Double valeur ajoutée

« La valeur ajoutée de cette recherche est double : elle met en lumière les vulnérabilités et les risques des enfants non accompagnés et séparés pendant leur transition vers l’âge adulte, tout en soulignant leurs forces, leur capacité d’action et de résilience, ainsi que leur potentiel. En outre, cette recherche attire l’attention sur les meilleures pratiques à diffuser », a déclaré pour sa part Laurence Hart, Directrice du Bureau de coordination de l’Organisation internationale pour les migrations (OIM) pour la Méditerranée.

Le nouveau rapport décrit les facteurs qui entravent la transition des jeunes réfugiés et des migrants vers l’âge adulte. Il s’agit notamment de la lenteur et de la complexité des procédures d’obtention de documents juridiques, de la discrimination et du racisme, de la difficulté d’accéder à l’éducation et à la formation et de trouver un emploi, de surmonter les traumatismes émotionnels ainsi que le risque de violence, notamment pour les filles.

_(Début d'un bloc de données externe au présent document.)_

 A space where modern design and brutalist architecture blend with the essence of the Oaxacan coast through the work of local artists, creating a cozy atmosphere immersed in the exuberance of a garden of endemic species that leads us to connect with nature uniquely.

Parmi les facteurs qui soutiennent les jeunes réfugiés et migrants pendant cette période critique de leur vie figurent les relations positives avec leurs pairs et leurs tuteurs, l’accès à l’école, à la formation professionnelle et aux possibilités d’emploi, ainsi qu’un logement sûr et adéquat.

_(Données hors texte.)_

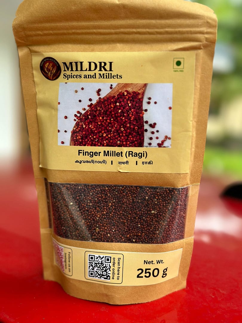 Finger millet available in 250g and 500g resealable pouches to ensure freshness and convenience exclusively at Mildri. This product is freshly prepared in Pathanamthitta and available for courier delivery all over Kerala and India.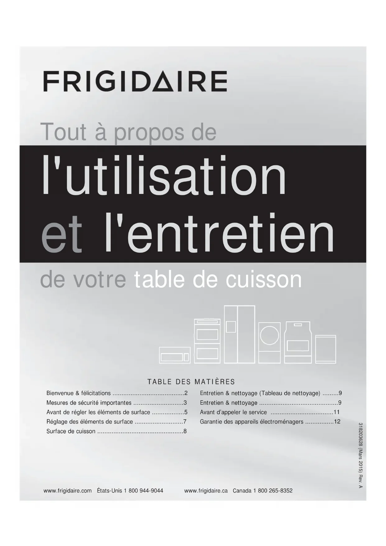 - www.frigidaire.com États-Unis 1 800 944-9044 www.frigidaire.ca Canada 1 800 265-8352 Tout à propos de l'utilisation et l'entretien de votre table de cuisson Bienvenue & félicitations p. 2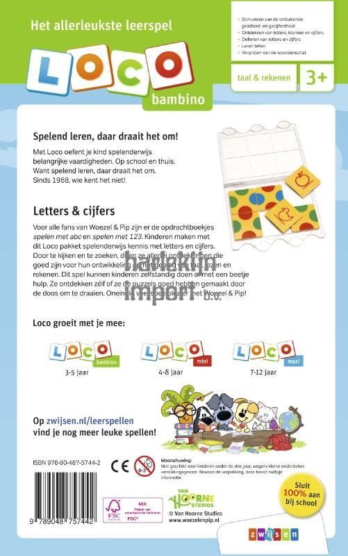 Kinderen maken met dit kleurrijke Loco pakket spelenderwijs kennis met letters en cijfers. Door te kijken en te zoeken doen ze allerlei ontdekkingen die goed zijn voor hun ontwikkeling op het gebied van taal, lezen en rekenen. Dit spel kunnen kinderen zelfstandig doen of met een beetje hulp. Ze ontdekken zélf of ze de puzzels goed hebben gemaakt door de doos om te draaien. Oneindig veel speelplezier met Woezel & Pip! Inhoud: • Loco bambino basisdoos • Opdrachtboekje Woezel & Pip spelen met abc • Opdrachtboekje Woezel & Pip spelen met 123 Leerdoelen: • Stimuleren van de ontluikende geletterd- en gecijferdheid • Ontdekken van letters, klanken en cijfers • Oefenen van letters en cijfers • Leren tellen • Vergroten van de woordenschat Met het zelfcorrigerende Loco oefent je kind spelenderwijs belangrijke vaardigheden. Op school en thuis. Want spelend leren, daar draait het om. Sinds 1968, wie kent het niet!
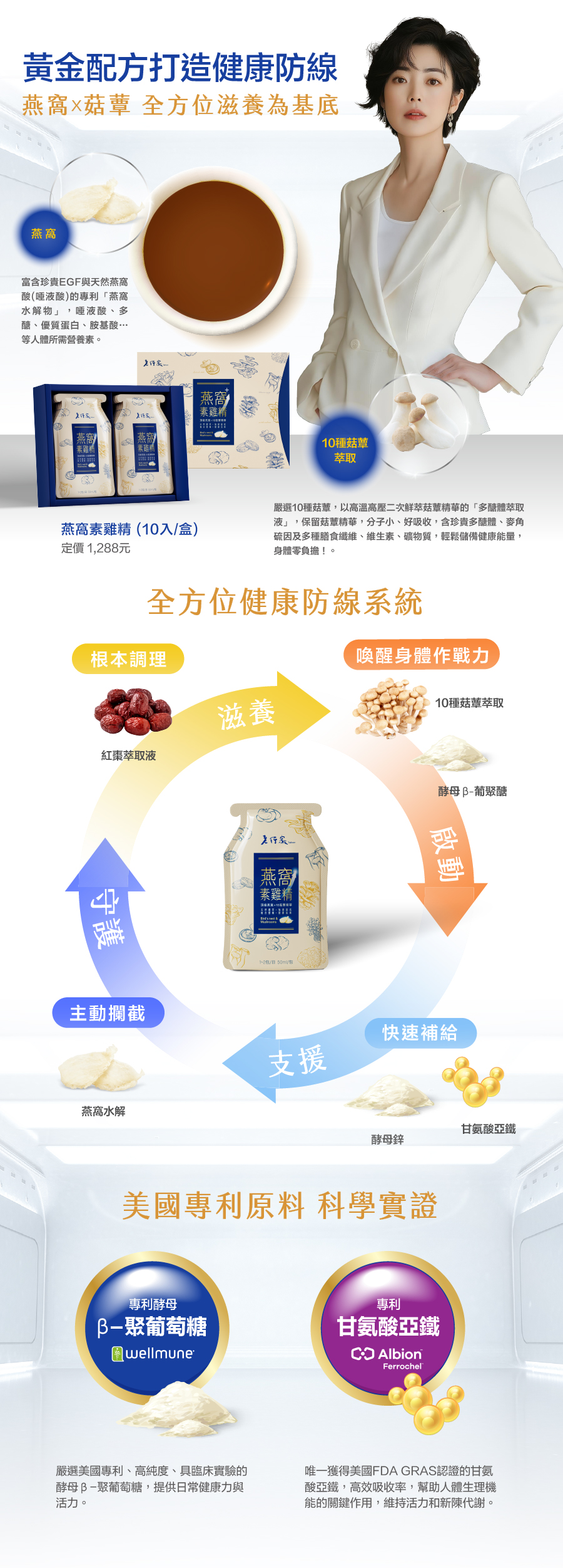 成份:多醣體萃取液(水、杏鮑菇、金針菇、秀珍菇、珊瑚菇、雪白菇、香菇、舞菇、黑木耳、白木耳、雪耳) 、紅棗萃取液(水、紅棗) 、β-聚葡萄糖、柑橘纖維、燕窩水解物(麥芽糊精、燕窩水解物) 、鋅酵母(啤酒酵母、硫酸鋅) 、甘氨酸亞鐵(甘氨酸亞鐵、檸檬酸、麥芽糊精、二氧化矽)。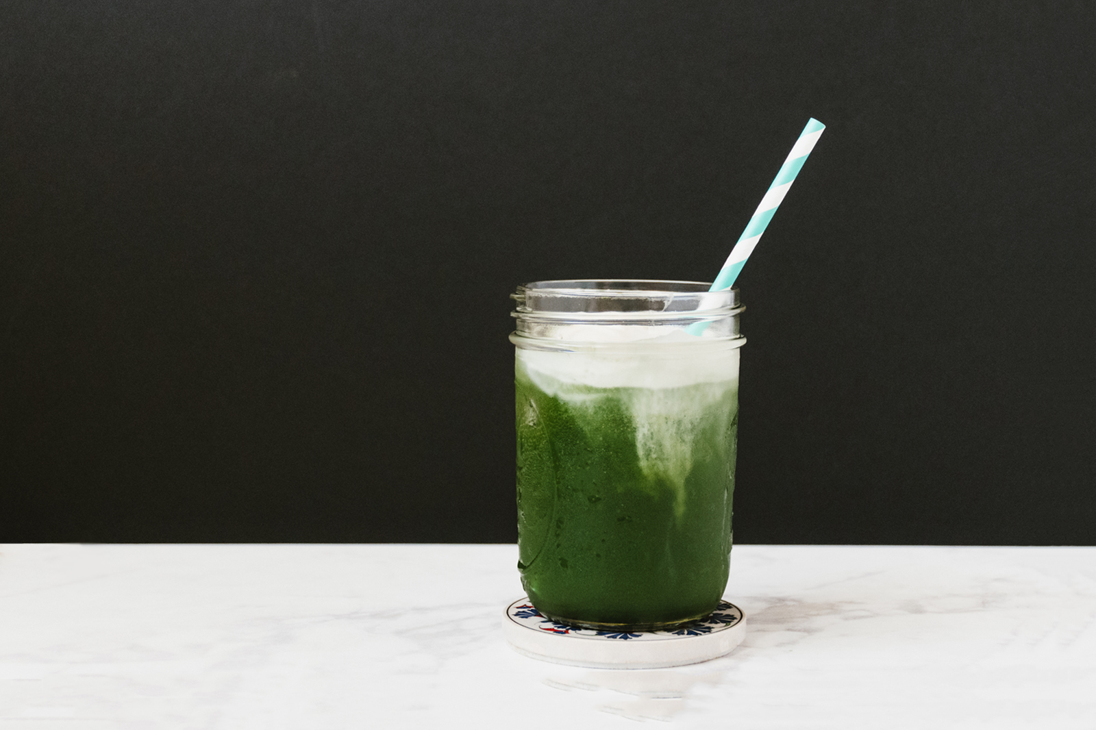 Put ice cubes in the 16 oz glass jar and add sparkling mineral water. Pour matcha paste slowly into the sparkling water and stir to mix.

Des recommandations pour les autorités italiennes et la Commission européenne

Dans le rapport, les trois agences des Nations unies fournissent des recommandations clés aux autorités italiennes et à la Commission européenne.

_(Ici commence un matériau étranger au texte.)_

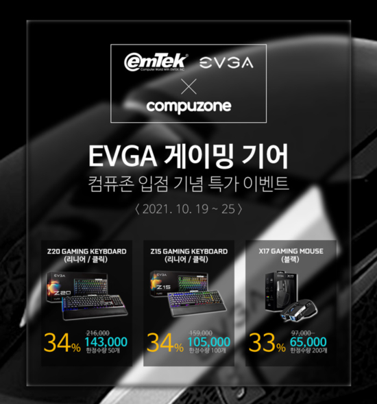 À̹ø °¡°Ý ÇÒÀÎ À̺¥Æ®¸¦ ÁøÇàÇÏ´Â Á¦Ç°µéÀº EVGA °ÔÀÌ¹Ö ±â¾î·Î Z20 RGB ±¤Ãà °ÔÀÌ¹Ö Å°º¸µå (¸®´Ï¾î / Ŭ¸¯) ǰ¸ñº° 50°³, Z15 RGB °ÔÀÌ¹Ö Å°º¸µå (¸®´Ï¾î / Ŭ¸¯) ǰ¸ñº° 100°³, X17 °ÔÀÌ¹Ö ¸¶¿ì½º (ºí·¢) 200°³·Î, ¸ðµÎ ÇÑÁ¤¼ö·®À¸·Î ÇÒÀÎ À̺¥Æ®°¡ Àû¿ëµÈ´Ù.

Aux autorités italiennes, il est notamment recommandé d’adopter une stratégie nationale intersectorielle pour accroître l’inclusion sociale des jeunes réfugiés et migrants ayant récemment atteint l’âge de 18 ans, ainsi qu’un plan d’action national contre le racisme, la xénophobie et la discrimination; assurer la mise en œuvre intégrale de la loi n° 47/2017 sur les mesures de protection des UASC; veiller à ce que les jeunes aient accès à un soutien psychosocial, aux soins de santé, à l’éducation, à la prévention de la violence sexiste et à la réponse à y apporter, à la formation et aux services d’emploi; et accroître la participation des jeunes réfugiés et migrants aux activités sociales et récréatives.

La Commission européenne doit quant à elle en particulier faciliter une coopération efficace entre les États membres pour évaluer l’intérêt supérieur de chaque enfant et mettre en œuvre les procédures de regroupement familial; mettre en place un système de collecte de données et d’informations précises sur les enfants réfugiés et migrants non accompagnés et séparés, actuels et anciens, afin de renforcer les systèmes de protection; et affecter des ressources dans le cadre du prochain Fonds communautaire pour l’asile et la migration afin de renforcer et d’intensifier les bonnes pratiques identifiées dans le présent rapport.

Entre 2014 et 2018, plus de 70 000 enfants réfugiés et migrants non accompagnés et séparés sont arrivés en Italie par la mer, dont 90 % avaient entre 15 et 17 ans. On estime qu’au moins 60 000 personnes ont eu 18 ans au cours des cinq dernières années.